§ Information supplied:
--
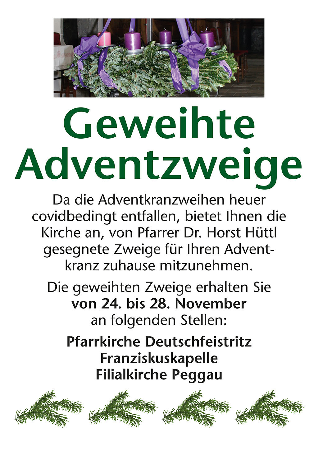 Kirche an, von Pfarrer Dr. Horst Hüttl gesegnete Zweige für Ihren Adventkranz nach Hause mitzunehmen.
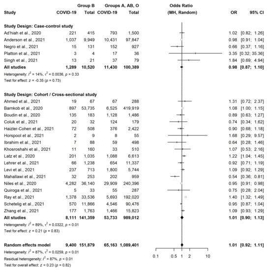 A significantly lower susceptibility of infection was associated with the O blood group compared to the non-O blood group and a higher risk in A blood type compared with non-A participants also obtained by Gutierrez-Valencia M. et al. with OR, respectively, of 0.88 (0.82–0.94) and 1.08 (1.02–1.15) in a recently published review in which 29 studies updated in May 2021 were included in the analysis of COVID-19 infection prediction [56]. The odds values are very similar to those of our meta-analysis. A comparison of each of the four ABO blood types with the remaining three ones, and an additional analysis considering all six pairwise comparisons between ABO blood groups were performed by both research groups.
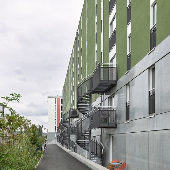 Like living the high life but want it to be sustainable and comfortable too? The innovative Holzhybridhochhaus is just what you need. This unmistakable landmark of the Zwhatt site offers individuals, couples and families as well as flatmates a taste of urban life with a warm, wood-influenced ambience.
--
§ To do: Your answer must be an exact copy of the lines from the one with "A significantly lower" through the final line of the data, both included, without any pictures.

§ Finished exercise:
 A significantly lower susceptibility of infection was associated with the O blood group compared to the non-O blood group and a higher risk in A blood type compared with non-A participants also obtained by Gutierrez-Valencia M. et al. with OR, respectively, of 0.88 (0.82–0.94) and 1.08 (1.02–1.15) in a recently published review in which 29 studies updated in May 2021 were included in the analysis of COVID-19 infection prediction [56]. The odds values are very similar to those of our meta-analysis. A comparison of each of the four ABO blood types with the remaining three ones, and an additional analysis considering all six pairwise comparisons between ABO blood groups were performed by both research groups.
 Like living the high life but want it to be sustainable and comfortable too? The innovative Holzhybridhochhaus is just what you need. This unmistakable landmark of the Zwhatt site offers individuals, couples and families as well as flatmates a taste of urban life with a warm, wood-influenced ambience.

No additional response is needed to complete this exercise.